I am just beat! I need to go to bed and rest, but my nerves won’t settle down. I tried reading, but my comprehension is nil. I can’t concentrate on the words, because my mind is whirling away elsewhere. This has been one of the hardest days yet since Carolyn broke her pelvis.

The drugs she has been taking, which kept her in bed and asleep for much of the time are no longer working. She has evidently developed a tolerance for them. All day long she has wanted to get up and walk somewhere. It has been a constant battle to get her to stay in her chair. 

It was a warm, if windy, day outside so I took her out for a stroll in the parking lot. She liked that, but it lasts only so long. I put her in bed, and she rolls out and tries to walk away. I caught her twice before she hit the floor. I parked her in her wheelchair facing me as I sat on the couch. She stood up and tried to crawl over my lap.

The one bright spot was when Leon, the Guardian Chaplain came by and we talked about religions, philosophies, and a little about how I’m doing in the caregiver role. Carolyn actually slept through that, even if she talked in her sleep most of the time.

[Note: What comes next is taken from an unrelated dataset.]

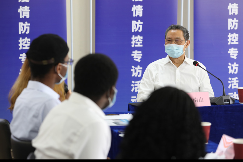 在广州市第78场疫情防控新闻采访活动上,中国工程院院士钟南山与在穗工作学习的外籍人士代表进行座谈交流(2020年4月15日摄)。新华社记者 李嘉乐 摄
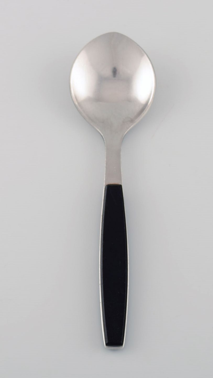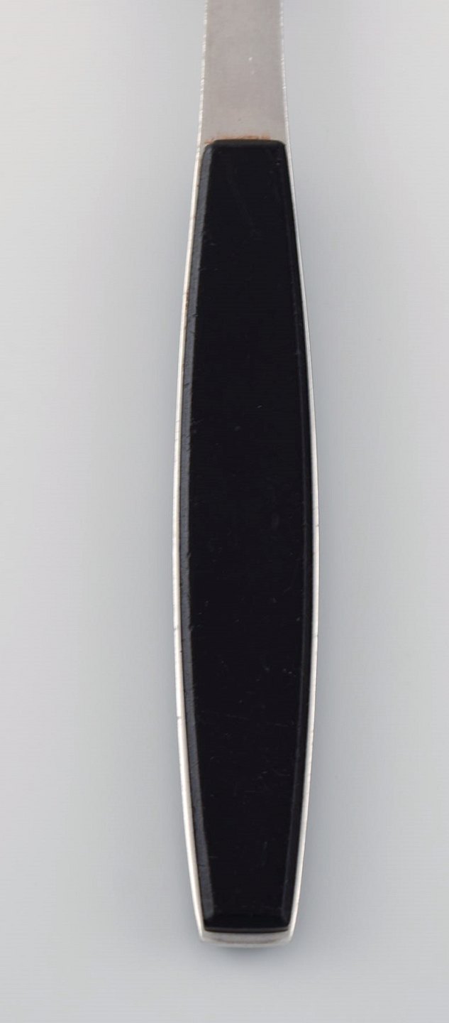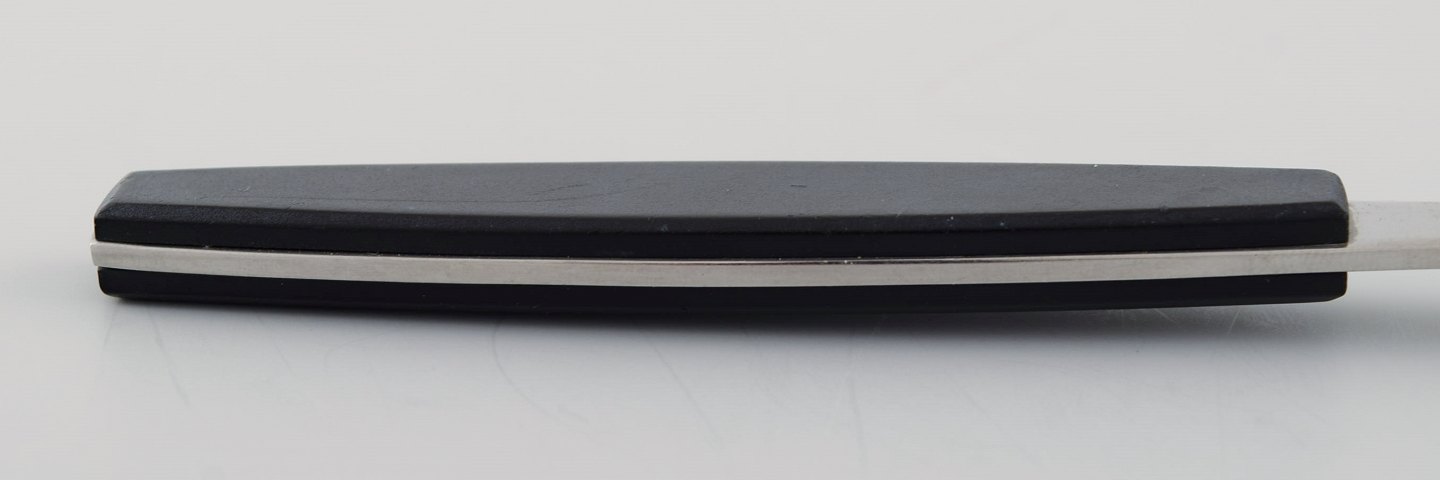 Henning Koppel for Georg Jensen. Strata dessertske i rustfrit stål og sort plast. 1960/70'erne. 9 stk på lager.

Shortly after Leon left, I needed to use the restroom, so I parked Carolyn in her wheelchair facing the side of her bed and locked one wheel, hoping if she tried to get up, she would have to climb up on her bed first. As I just got comfortable in the bathroom, I heard a loud crash on the other side of the wall, and I had no doubt what had happened.

Pulling up my pants, I rushed into the living room. Carolyn was in a sitting position on the floor next to the wheelchair, which was on its side folded up, leaning on the rocking chair. After I got her up on the bed, and asked her if she hurt, and after looking for abrasions and contusions, I gave her a stern lecture in my best “Dutch Uncle” voice, just as you would to a small child. I have every expectation that it will be about as effective as lecturing a small child, too. She seemed more mad than sorry, for sure.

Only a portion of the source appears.